One of the fundamental premises of the Clean Air Act is that harmful emissions will be reduced over time by EPA periodically tightening standards. The Clean Power Plan is no exception to that rule. While the Act contemplated that most reductions would occur via the more stringent standards being applied to new facilities (or to existing facilities when they are modified), EPA has also done so even with the equivalent, but typically less onerous, 111(d) standards for existing sources. In fact, last year EPA proposed such a downwards revision (in the direction of less pollution) to the emission standards for municipal landfills.
Now that the Clean Power Plan is final and is winding its way through the D.C. Circuit on its way to the Supreme Court (the D.C. Circuit briefing was completed last week and an extraordinary two-day argument has been scheduled for June 1-2), it is time for policy makers, utilities, and regulators to start thinking about what comes next, since from its perspective EPA—intentionally—left much on the table in terms of emissions cuts.
They did so because challenges to EPA regulations come in two basic forms:
- “The regulation is illegal because the statute does not give EPA the authority it is exercising,” and
- “EPA has the authority to regulate, but it is impossible to meet the standard that EPA has imposed”.
From Day 1, it was clear that the legal issue of whether the Clean Air Act gave EPA the authority to go outside the fence line—requiring emissions reductions far beyond what could be accomplished by simply improving the efficiency of coal-fired power plants—would be in play. Thus, by making the regulations less stringent between the proposed and final rules, EPA largely took the issue of whether it was feasible to meet the standards off the table.
This helps explain the collective shrug from the utility industry as to whether they would be able to reach the CPP targets. This may reflect private deals to award cap-and-trade allowances for free, as the utilities almost universally request. But we note that earlier this month Dominion Resources, one of the country’s most notoriously anti-regulation utilities, showed up in the D.C. Circuit to support the CPP. Dominion argued that the rulemaking:
… is compatible with current trends toward additional renewable and natural gas generation in the power sector based on market conditions and customer demands, as well as already-finalized state and federal environmental requirements aimed at pollutants that have long been subject to federal regulation under the Clean Air Act.

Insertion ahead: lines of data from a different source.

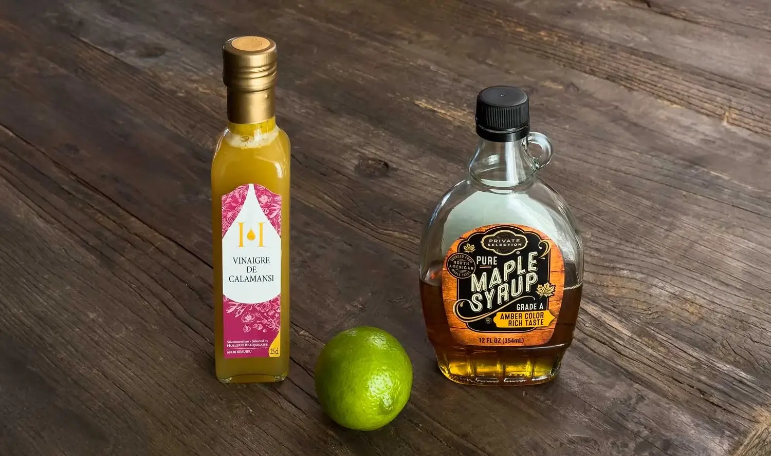 - In a small bowl, whisk together the lime zest, lime juice, calamansi vinegar, maple syrup, salt, and pepper. Pour over the salad and toss gently. Serve with the lime wedges and Enjoy!
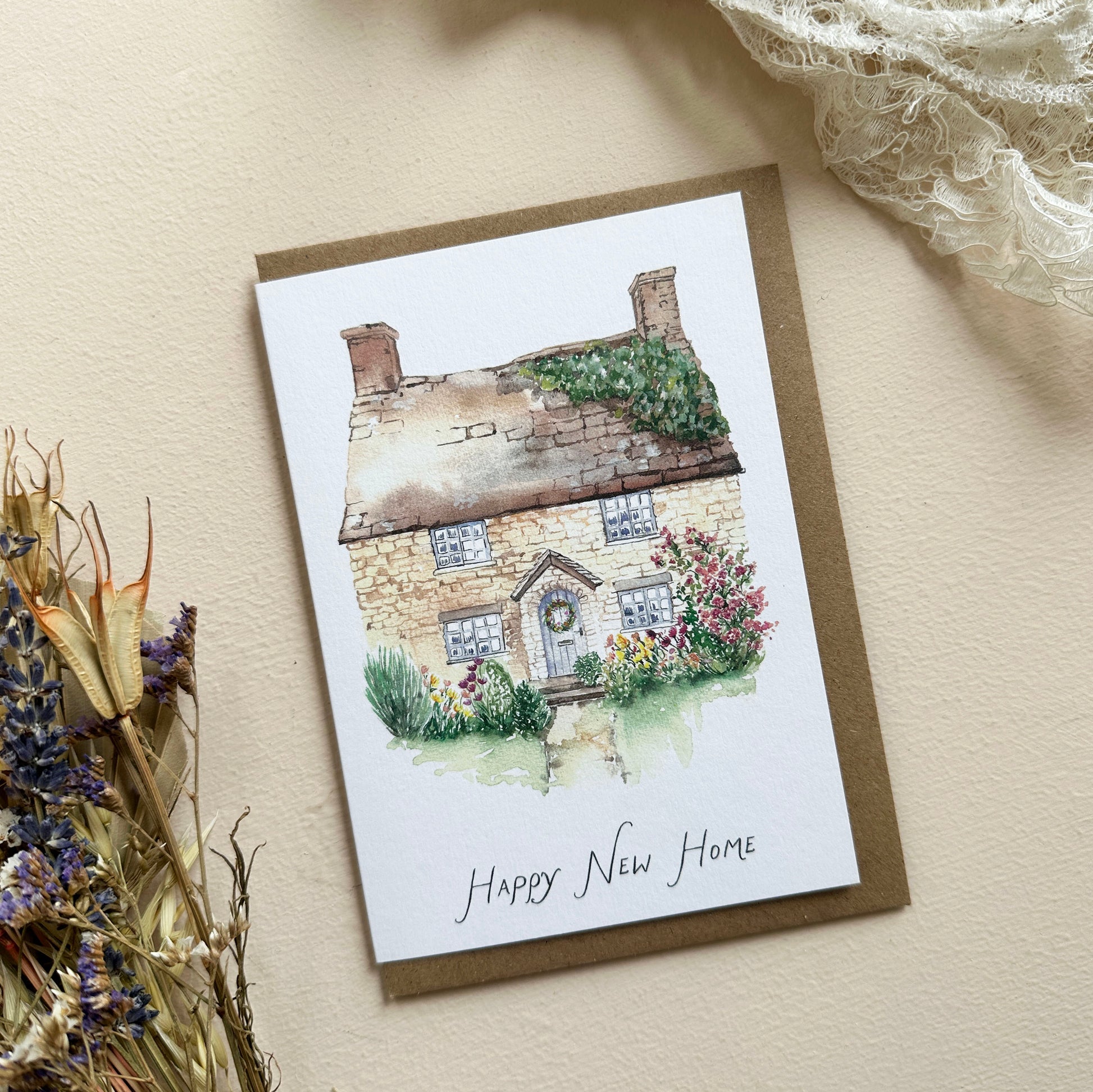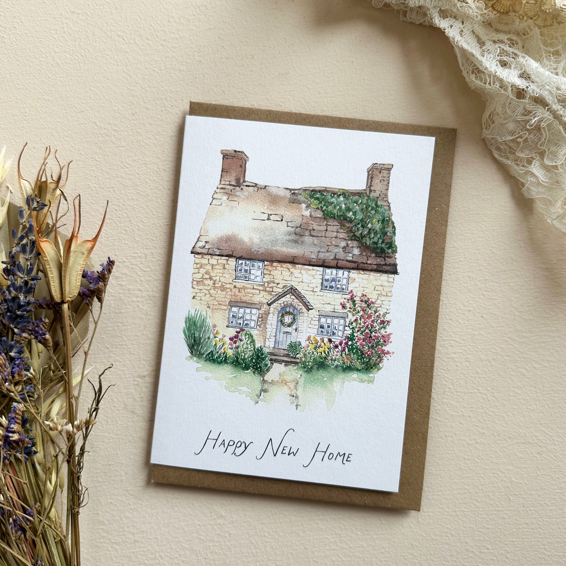 This beautifully illustrated, chocolate-box cottage has been delicately painted in watercolour. This makes the perfect card for sending well wishes to someone who has just moved house.
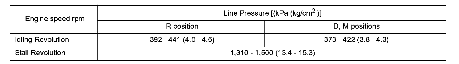 - When measuring the line pressure at the stall speed, refer to "STALL TEST".
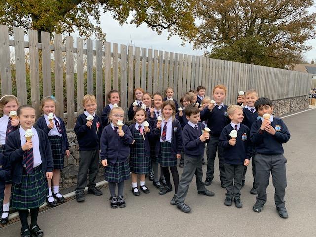 It was very exciting to have a treat from the Noodles Ice-Cream van during a school day. All the children and teachers were given a huge cone and soft whipped ice-cream and this certainly put a lot of smiles on faces!
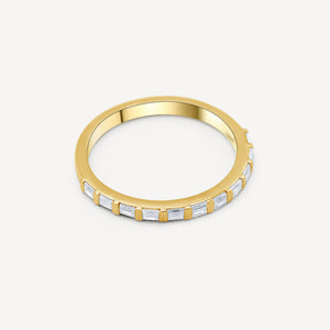 Cette magnifique bague de fiançailles en diamant baguette en or 10 carats présente un diamant baguette à une rangée serti dans un anneau en or jaune 10 carats. Son design classique et intemporel met en valeur la beauté du diamant, ce qui en fait un choix idéal pour vos fiançailles spéciales.
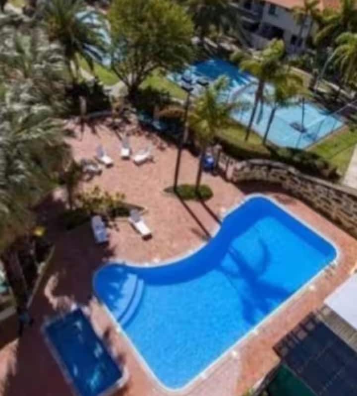 This cozy loft unit is just a stone's throw from the beach—you can even hear the waves! A short walk gets you to the sand, and it’s only a 15–20 minute stroll to Dolphin Quay. Perfect for a short stay, the unit is ideal for families, especially kids who love the unique attic-style loft. There’s plenty to enjoy on-site, including swimming pools, underground trampolines, a hot tub, basketball and tennis courts, a playground, BBQ facilities, and a laundry for convenience.

In other words, for them at least, no big deal.
But, assuming that the Supreme Court upholds EPA’s authority and Hillary (or Bernie) becomes President, EPA will be under enormous pressure, both domestically and internationally, to revise those standards. The domestic pressure will come from environmentalists who believe the CPP is too lenient and unambitious. The international pressure will come because (in our view), the United States will miss its 2025 Paris target. Significant additional reductions from the power sector will be necessary in order to reach that target by 2030.
The Supreme Court will decide the CPP’s fate very late in 2017 or in early 2018. Assuming that the Court upholds EPA’s authority, it will send the CPP back to EPA to figure out new timelines for states to submit their implementation plans. That will provide the EPA with the perfect opportunity to simultaneously revise the 2030 targets.
The $64 question is how much more will EPA ratchet up the 2030 CPP targets. We hesitate to guess since there are so many variables in play:
- Come 2018, what will overall U.S. and power-sector emissions be?
- What will be the projections for both of those numbers in 2025 and 2030?
- Is the economy – and electricity demand – growing strongly or is it still stagnant?
- How did Hillary do in the coal-heavy critical swing states of Pennsylvania and Ohio?
- Is the shale gas production revolution and accompanying low gas prices still in full swing?
As a legal matter, EPA would be constrained only by the Act’s requirement that the agency take into account the standards’ cost. However, the whopping benefits numbers generated by the agency’s use of the Social Cost of Carbon—and additionally the assumed benefits of the reductions in emissions of other pollutants—mean that there would be a considerable way to go before the costs of lowering the CPP’s CO2 cap outweighed the apparent benefits of doing so.
Politically, the assessment will perhaps be somewhat different. The business community has already cried foul over the existing CPP burdens. Going beyond what is seen as feasible through fuel switching and a smooth integration of new renewable capacity is another matter, especially if it means taking away a big part of the revenue windfall the utilities have mentally already booked for those free allowances (since many less would be available to them). And that’s where the political context described above will come back into play.
But make no mistake about it. If Hillary wins in November, the EPA modelers down in Research Triangle, North Carolina, will get the green light to start (or we suspect, continue and intensify) work on the CPP 2.0 standards. And they will be tighter than what we’re contemplating today.
 Procedural challenges – and they are at issue in the CPP case – are a third flavor but, as the name implies, do not challenge the substance of the agency’s action.